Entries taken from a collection

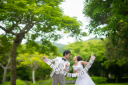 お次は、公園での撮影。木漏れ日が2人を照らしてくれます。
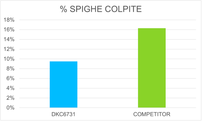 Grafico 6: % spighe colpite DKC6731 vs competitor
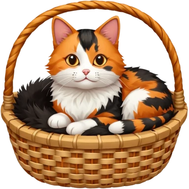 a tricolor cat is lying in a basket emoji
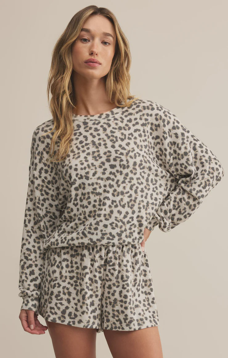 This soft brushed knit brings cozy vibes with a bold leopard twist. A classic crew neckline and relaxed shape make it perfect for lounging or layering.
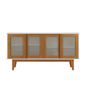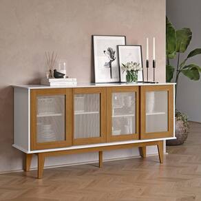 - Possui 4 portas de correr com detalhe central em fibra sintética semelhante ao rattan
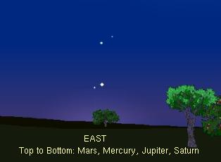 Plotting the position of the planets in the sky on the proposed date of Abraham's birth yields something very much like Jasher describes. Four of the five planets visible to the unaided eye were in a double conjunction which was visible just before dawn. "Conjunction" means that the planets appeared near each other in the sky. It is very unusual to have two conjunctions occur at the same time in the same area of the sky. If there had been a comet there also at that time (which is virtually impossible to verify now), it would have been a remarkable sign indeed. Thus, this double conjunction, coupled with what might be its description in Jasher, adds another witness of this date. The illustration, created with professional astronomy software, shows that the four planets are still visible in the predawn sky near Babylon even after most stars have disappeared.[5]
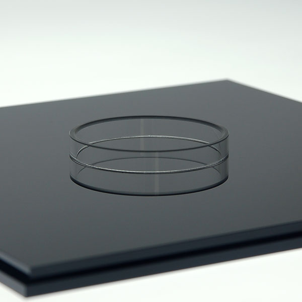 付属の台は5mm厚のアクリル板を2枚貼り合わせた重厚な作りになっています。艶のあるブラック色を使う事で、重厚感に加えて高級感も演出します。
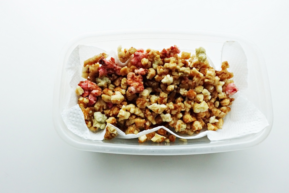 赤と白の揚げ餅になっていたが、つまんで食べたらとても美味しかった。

**Exercise instructions**
From the first line of the entries down to the line with "This soft brushed", print each line exactly; omit any picture.

**Task response**
 お次は、公園での撮影。木漏れ日が2人を照らしてくれます。
 Grafico 6: % spighe colpite DKC6731 vs competitor
 a tricolor cat is lying in a basket emoji
 This soft brushed knit brings cozy vibes with a bold leopard twist. A classic crew neckline and relaxed shape make it perfect for lounging or layering.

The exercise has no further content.